Richard R. Schultz, associate professor and chair of the University of
North Dakota Department of Electrical Engineering, says good engineering
education doesn't have to be all classroom, textbook grind.
Schultz, who recently was awarded a three-year, $457,985 Defense EPSCoR
(Experimtental Program to Stimulate Competitive Research) grant entitled
"Real-Time Super-Resolution Automatic Target Recognition of Unmanned
Aerial Vehicle-Based Reconnaissance and Surveillance Imagery," says
there's a place for tradition in the engineering curriculum-but
increasingly complex technologies also demand that students be
encouraged to learn engineering concepts in new ways.
In the following Q&A with Office of University Relations writer Juan
Miguel Pedraza, Schultz, who has served on UND's graduate faculty
committee and has been involved with the university's entrepreneurship
education efforts, briefly talks about an upcoming controls engineering
class that's set to break -- or at the very least update -- the
standard engineering teaching model for a course that is very math
intensive.
Q. What sets the engineering discipline apart from, say, history or
English?
A. We're typically pretty rigid in engineering when it comes to
lecturing and exams, and our classes are not generally
discussion-oriented.
Q. You and School of Engineering & Mines Dean John Watson, who wants to
see undergraduate engineering students do a lot more hands-on training
early in their education, are traveling a new path in engineering- maybe
not quite the way of history or English-but revolutionary as far as
engineering students go. What's this all about?

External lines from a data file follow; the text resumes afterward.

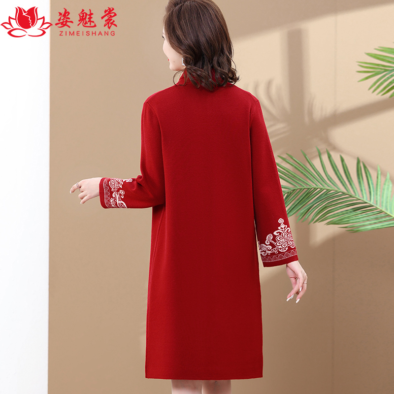 洋气中长款毛衣旗袍大码妈妈装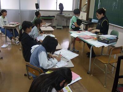 今日も子どもたちは元気に登校しました。今日4年生は算数の授業で休んでいた友達に習った内容を分かりやすく伝えるという授業を行いましたが、「千の位までのがい数」を分かりやすく教えていました。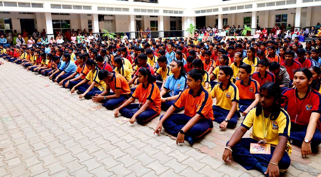 The school was decorated with garlands and the Principal, Smt. Gowri Senthil, performed pujas to the portrait of Sri Rama. The students performed bhajans, dances and sang devotional songs of Sri Rama in the school premises. Later, the students performed bhajans and danced on the main streets near the school and reached the Sri Kodandaramaswamy temple and received the blessings of Sri Rama. After offering Rama, they had Panaka, Buttermilk and Kosambari.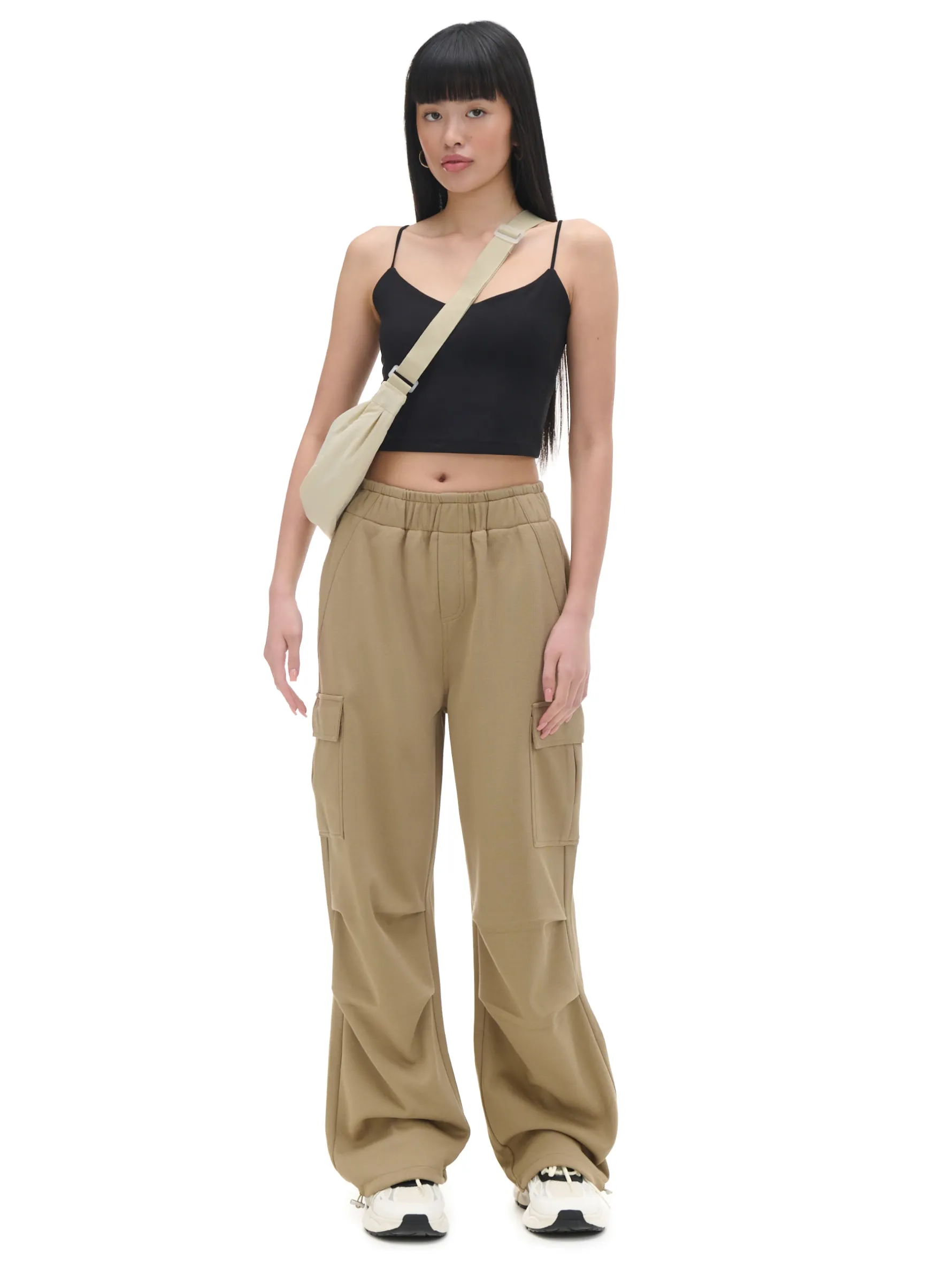 Te damskie spodnie typu cargo w letnim, bursztynowym kolorze wyróżnią Cię w tłumie. materiał z dużą zawartością bawełny luźny krój typu cargo ze ściągaczami uniwersalna gumka w pasie para klasycznych kieszeni i typu cargo na nogawkach ozdobna imitacja zapięcia zagięcia w wersji parachute na kolanach ozdobne taśmy przy kieszeniach Wzrost modelki: 168 cm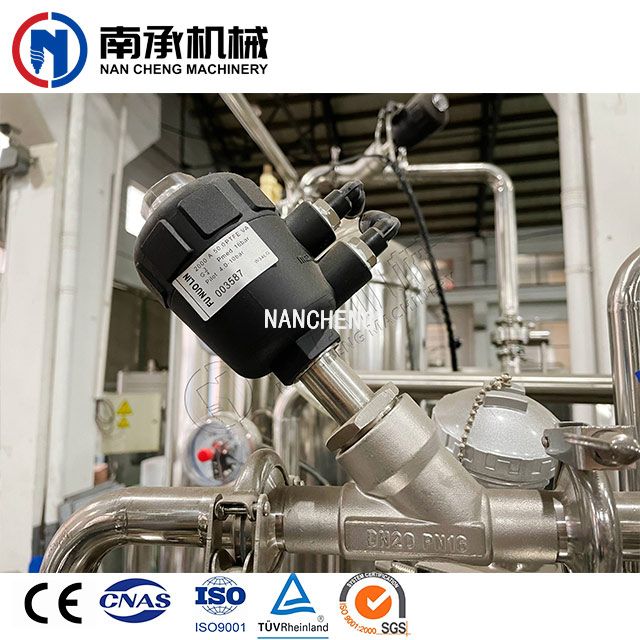 其工藝過程為:糖漿和凈水經(jīng)配比器按比例進(jìn)入混合罐混合,用泵輸入碳酸化罐,在碳酸化罐內(nèi)裝有管,罐內(nèi)通有制冷劑、使混合后的物料冷卻,以融入足夠的二氧化碳。為保證二氧化碳與處理水有足夠的接觸時(shí)間,二氧化碳從進(jìn)入碳酸化罐之間就開始充入。碳酸化后的物料進(jìn)入灌裝機(jī),然后灌入容器中張家港市南承機(jī)械有限公司

A. We need to help students learn more real-world problem-solving. We
can't do that with textbooks and lectures alone.
Q. So what is your recipe to address this challenge?
A. I'm teaching an advanced controls class this fall-(Electrical
Engineering) EE 505 Control Systems II-without a textbook. It'll be an
elective for seniors and graduate students who've already taken EE 405
Control Systems I, which is a requirement in UND's B.S. electrical
engineering curriculum. Incidentally, Control Systems I is taught in a
very conventional manner using lectures and exams, because it provides
the fundamental theory for more practical problem-solving related to
industrial controls and robotics.
(Editor's Note: In control systems courses, students learn about
electrical and/or electronic technology in a broad array of applications
such as automotive cruise control, airplane autopilot systems, barcode
readers, elevator controls, air conditioning and heating thermostats,
and robotics.)
Q. If you're not going to use a textbook, what are you planning to
do?
A. Students in this class will be prompted to Google the Net in search
of answers to questions and problems posed in class. There'll be lots
of discussion about key R&D papers that describe working control systems
designed and built by students at other universities, such as unmanned
ground vehicles and aerial robotic helicopters.
Q. What drove you to try this innovative, nontraditional approach in an
advanced engineering course?
A. I got inspired to do this partly after spending a week in June at
the Babson-Olin Symposium for Engineering Entrepreneurship Educators
with entrepreneurship guru Jeff Timmons of Babson College.
Timmons claims that within 10 years, virtually all knowledge will be on
the Web. Maybe we should just use that resource rather than fight it.
A key example of not-by-the-book instruction is the Defense Advanced
Research Projects Agency (DARPA) Grand Challenge.
DARPA, the central research and development organization for the
Department of Defense (DoD), created the challenge in response to a
Congressional and DoD mandate to accelerate research and development in
autonomous ground vehicles that will help save American lives on the
battlefield. The Grand Challenge brings together academia, government,
and industry in the pursuit of solving one of the most daunting
technological challenges facing society today.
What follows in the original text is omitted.